* _WHAT THE TASK REQUIRES_: Transcribe the entries exactly. Omit the pictures.

[DATA SHOWN]

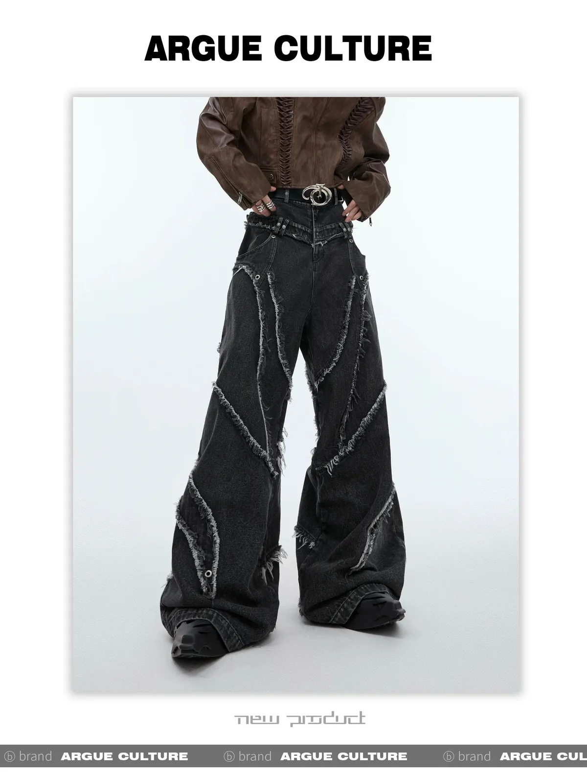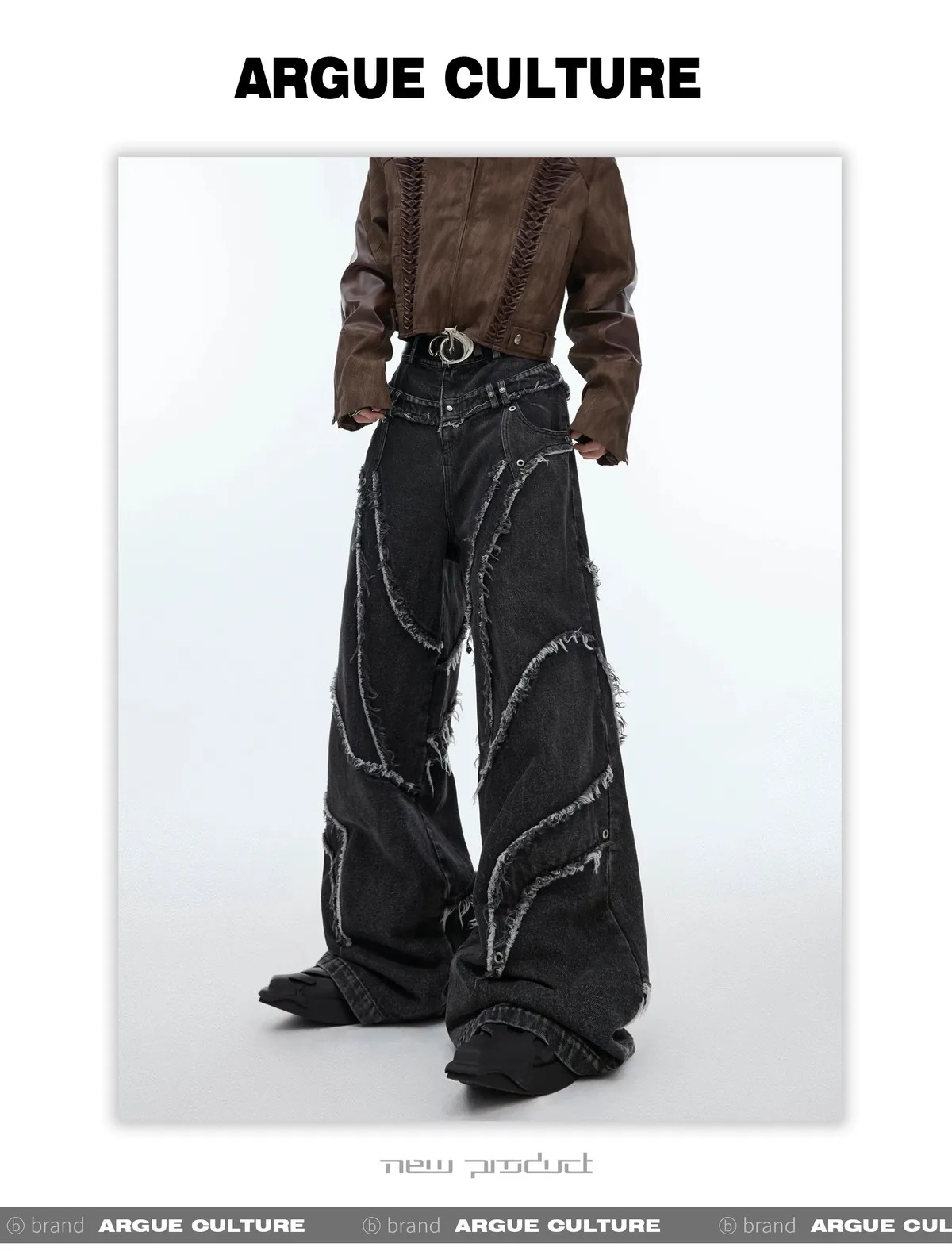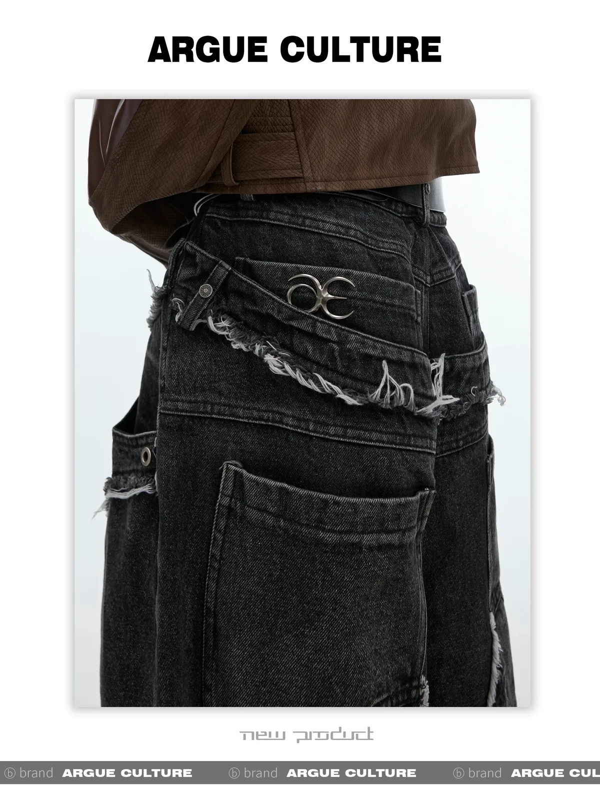 ARGUE REMAKE感 拼接 水洗 廓形 牛仔褲 (黑色)
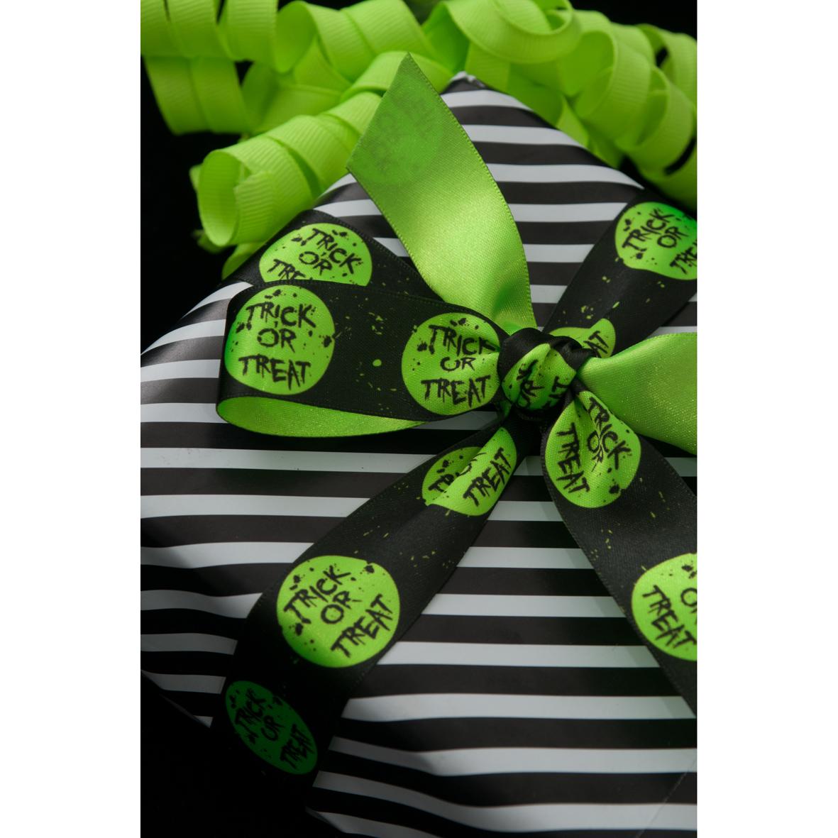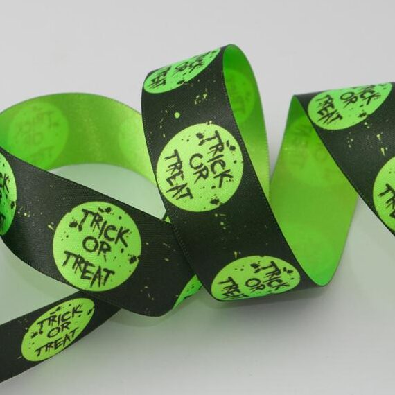 Fluorescent Green Trick or Treat print on black satin ribbon.
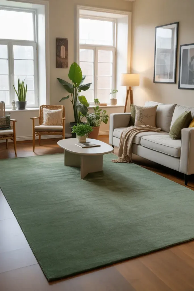 A green rug can anchor the room and tie together other decor elements.
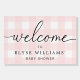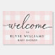 This welcome sign features a timeless gingham design with a modern calligraphy welcome heading. The sign can be customised to suit any event.
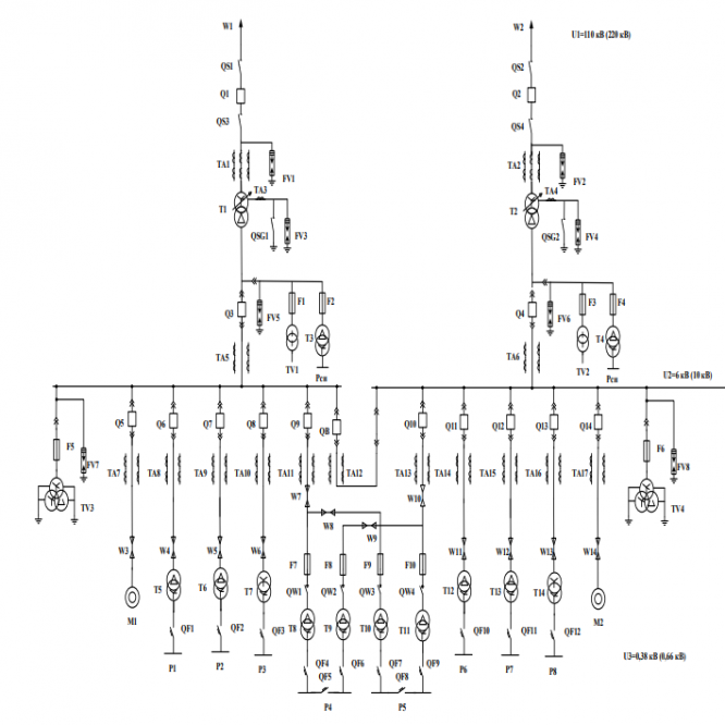 Задание № 4. По исходным данным произвести выбор следующего оборудования для системы электроснабжения предприятий (рис.1.14): трансформатор Т5; быстродействующий автоматический выключатель QF1, трансформа-тор Т1, выключатель Q3, кабель W4, трансформатор Т8, выключатель нагрузки QW1, предохранитель F7. Исходные данные: U1 = 110 кВ; U2 = 6 кВ; U3 = 0,66 кВ; P1 = 800 кВт; P2 = 200 кВт; P3 = 800 кВт; P4 = 400 кВт; P5 = 400 кВт; P6 = 180 кВт; P7 = 800 кВт; P8 = 190 кВт; Pсн = 300 кВт; Pм1 = 3100 кВт; Pм2 = 5000 кВт; Тmах = 4500 ч; cosφ = 0,9. Материал жилы кабеля – алюминий. Место прокладки кабеля – в воде. Для выбора силового трансформатора Т1 необходимо учесть всю мощность, протекающую через него, поэтому необходимо произвести расчёт и выбор двигателей М1 и М2.
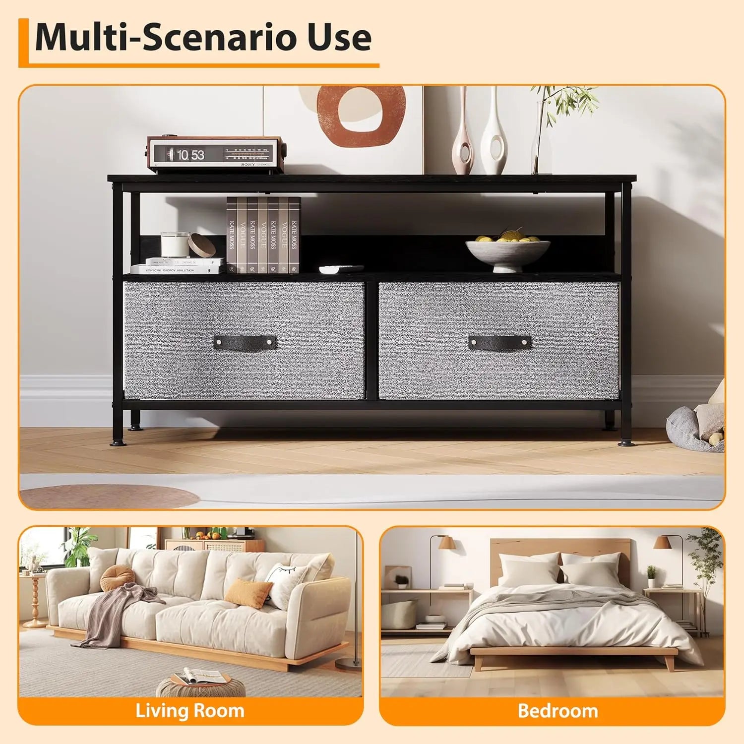 - Generous storage for living room media: Measuring 38.9" × 11.8" × 22.4", it fits TVs up to 50 inches and includes a central 9.1 inch high compartment plus two drawers for private storage.
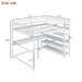 Full Size Loft Bed With Storage Shelves And Under Bed Desk - White
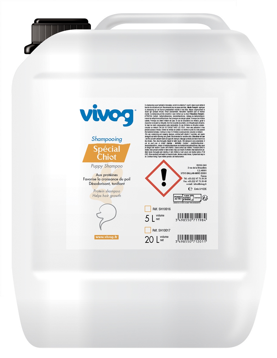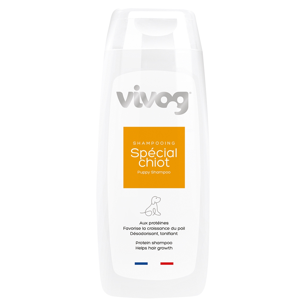Le shampoooing chiot Vivog est super hydratant et ultra-doux. Favorise la croissance du poil. Rénovateur. Sans paraben. A l'huile de lin.
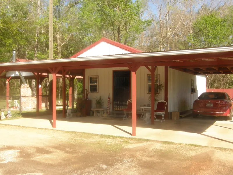 Are you ready to try Small House Living. This home is for you. Built in 2015 this well built home has a large open room, complete with kitchen. Wood floors, well insulated all metal construction including roof. The roof covers a carport on one side and creates a covered walk around on the front and other side. There is an additional shed and a covered fire pit BBQ area. This would make an excellent home, hunting cabin, or small business.
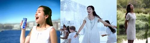 포카리스웨트하면 포카리송과 함께 가장 먼저 떠오르는 화이트 원피스. 세 모델 모두 청순한 스타일로 소화했지만, 각기 다른 분위기가 느껴지는 것이 재미있다. 한지민은 군더더기없이 심플한 디자인으로 깨끗한 느낌을 강조한데 비해 김소은은 펀칭 디테일과 이국적인 목걸이, 뱅글로 좀 더 로맨틱한 룩을 만들었다. 2013년 새 모델로 발탁된 박세영은 색다르게 바다가 아닌 숲을 배경으로 레이스 원피스를 입어 차분한 여성스러움을 강조한 것이 눈에 띈다.
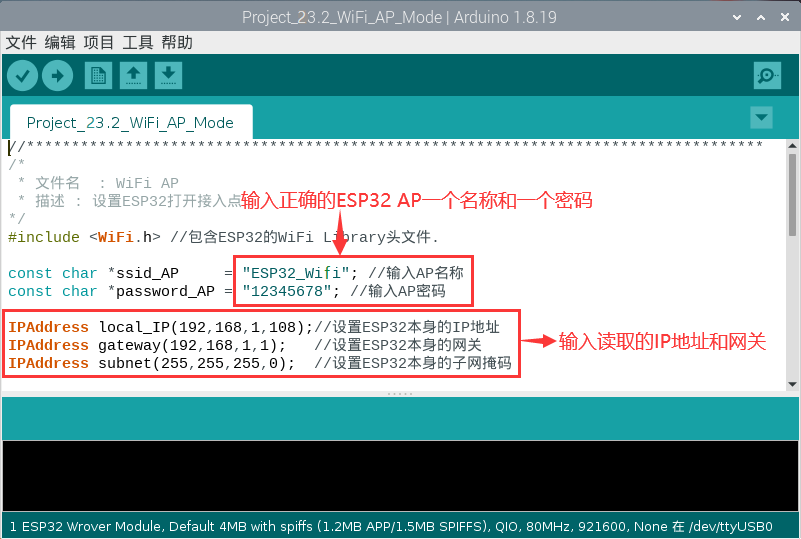 const char *ssid_AP = "ESP32_WiFi"; //输入AP名称

[/DATA SHOWN]

* _RESPONSE TO THIS TASK_:
 ARGUE REMAKE感 拼接 水洗 廓形 牛仔褲 (黑色)
 Fluorescent Green Trick or Treat print on black satin ribbon.
 A green rug can anchor the room and tie together other decor elements.
 This welcome sign features a timeless gingham design with a modern calligraphy welcome heading. The sign can be customised to suit any event.
 Задание № 4. По исходным данным произвести выбор следующего оборудования для системы электроснабжения предприятий (рис.1.14): трансформатор Т5; быстродействующий автоматический выключатель QF1, трансформа-тор Т1, выключатель Q3, кабель W4, трансформатор Т8, выключатель нагрузки QW1, предохранитель F7. Исходные данные: U1 = 110 кВ; U2 = 6 кВ; U3 = 0,66 кВ; P1 = 800 кВт; P2 = 200 кВт; P3 = 800 кВт; P4 = 400 кВт; P5 = 400 кВт; P6 = 180 кВт; P7 = 800 кВт; P8 = 190 кВт; Pсн = 300 кВт; Pм1 = 3100 кВт; Pм2 = 5000 кВт; Тmах = 4500 ч; cosφ = 0,9. Материал жилы кабеля – алюминий. Место прокладки кабеля – в воде. Для выбора силового трансформатора Т1 необходимо учесть всю мощность, протекающую через него, поэтому необходимо произвести расчёт и выбор двигателей М1 и М2.
 - Generous storage for living room media: Measuring 38.9" × 11.8" × 22.4", it fits TVs up to 50 inches and includes a central 9.1 inch high compartment plus two drawers for private storage.
 Full Size Loft Bed With Storage Shelves And Under Bed Desk - White
Le shampoooing chiot Vivog est super hydratant et ultra-doux. Favorise la croissance du poil. Rénovateur. Sans paraben. A l'huile de lin.
 Are you ready to try Small House Living. This home is for you. Built in 2015 this well built home has a large open room, complete with kitchen. Wood floors, well insulated all metal construction including roof. The roof covers a carport on one side and creates a covered walk around on the front and other side. There is an additional shed and a covered fire pit BBQ area. This would make an excellent home, hunting cabin, or small business.
 포카리스웨트하면 포카리송과 함께 가장 먼저 떠오르는 화이트 원피스. 세 모델 모두 청순한 스타일로 소화했지만, 각기 다른 분위기가 느껴지는 것이 재미있다. 한지민은 군더더기없이 심플한 디자인으로 깨끗한 느낌을 강조한데 비해 김소은은 펀칭 디테일과 이국적인 목걸이, 뱅글로 좀 더 로맨틱한 룩을 만들었다. 2013년 새 모델로 발탁된 박세영은 색다르게 바다가 아닌 숲을 배경으로 레이스 원피스를 입어 차분한 여성스러움을 강조한 것이 눈에 띈다.
 const char *ssid_AP = "ESP32_WiFi"; //输入AP名称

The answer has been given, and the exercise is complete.